The purpose of establishing this sector in these rural coastal communities is to:
Uplift fishing communities by providing appropriate support mechanisms such as education and training; infrastructure and participatory management practices.
Create a sustainable, equitable, small-scale fishing sector
promoting interests of women, disabled and child-headed households
Communities and Government co-manages near-shore marine living resources
Take fundamental human rights, MLRA principles and international obligations into account
Secure the well-being and livelihood of small-scale fishing communities
Maintain the health of marine ecosystems
In the same breath, we cannot run away from the fact that climate change and rampant poaching has affected the marine stock levels. Many people gathered her can attest to the fact that fish is not as abundant as it was before as we see bare rocks that used to be covered by Mussels. I took a decision to ensure that the Branch: Fisheries within my department takes over the responsibility of ensuring fisheries compliance and monitoring in this province. We are tirelessly working to ensure that staff capacity is boosted and visibility is improved to decisively deal with the issue of illegal fishing for the sake of protecting marine resources for small-scale fishing communities.

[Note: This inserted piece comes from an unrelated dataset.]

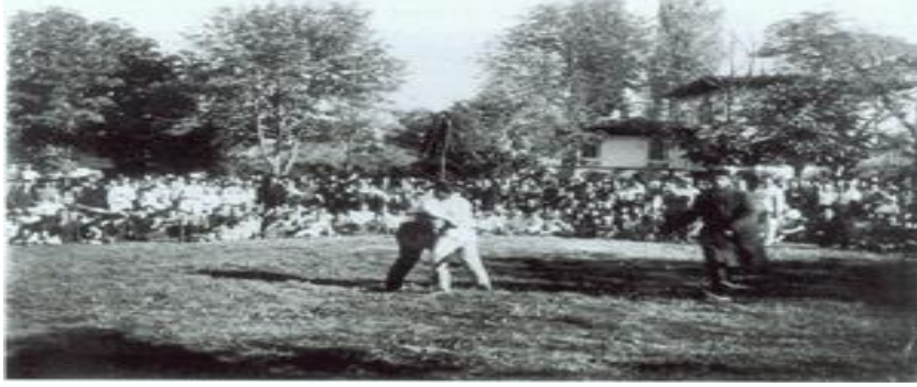
Şekil 8. Malatya ili Yeşilyurt ilçesinde yapılan dutluk güreşleri (1930-1935)

olan bu ritüelin geçmişi biraz net olmasa da yöntem ve usulleri röportajlarla ortaya çıkmıştır.
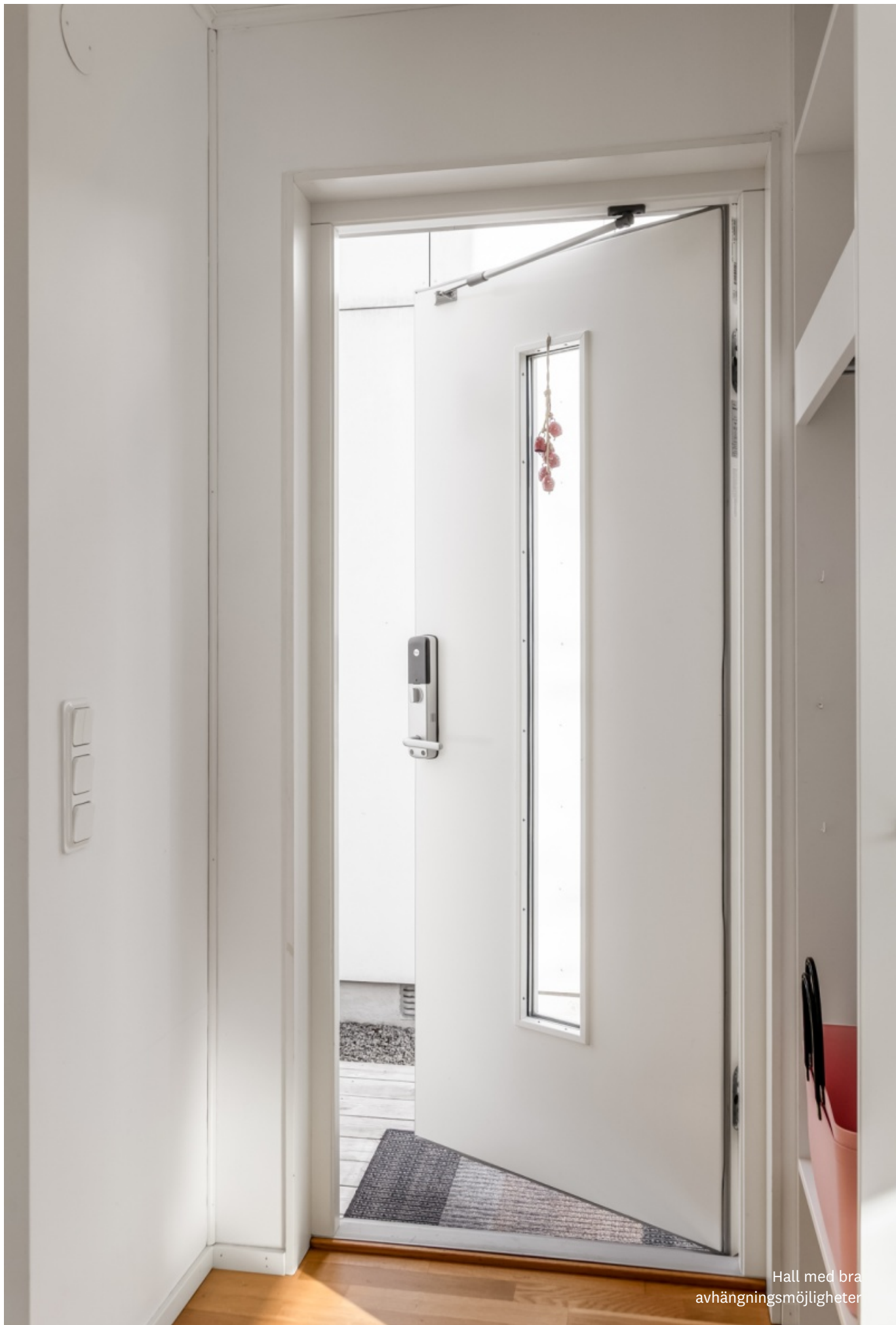
Hall med bra avhängningsmöjligheter

In trying to address this challenge, the department is looking at Aquaculture as an alternative. Operation Phakisa is the vehicle to fast-track food security and access to Ocean’s Economy for these rural areas. The Department is looking at various Aquaculture projects that will be embedded in such villages and a number of partnerships to this effect are being strengthened.
Obviously, Government will never achieve these tasks alone and we need our traditional leaders to guide us on some of the processes and challenges that we may face moving forward. The importance of Iinkumkani neNkosi Kwakunye neNkokheli zasekuhlaleni cannot even be translated into words. In addition to this, cohesion and a unified vision within the villages will take all of us forward to achieving the above-stated objectives of the sector. Therefore Iinvite you to “BE PART OF THE BIG CHANGE” so that we can take the fishing sector of the KwaZulu-Natal and South Africa forward.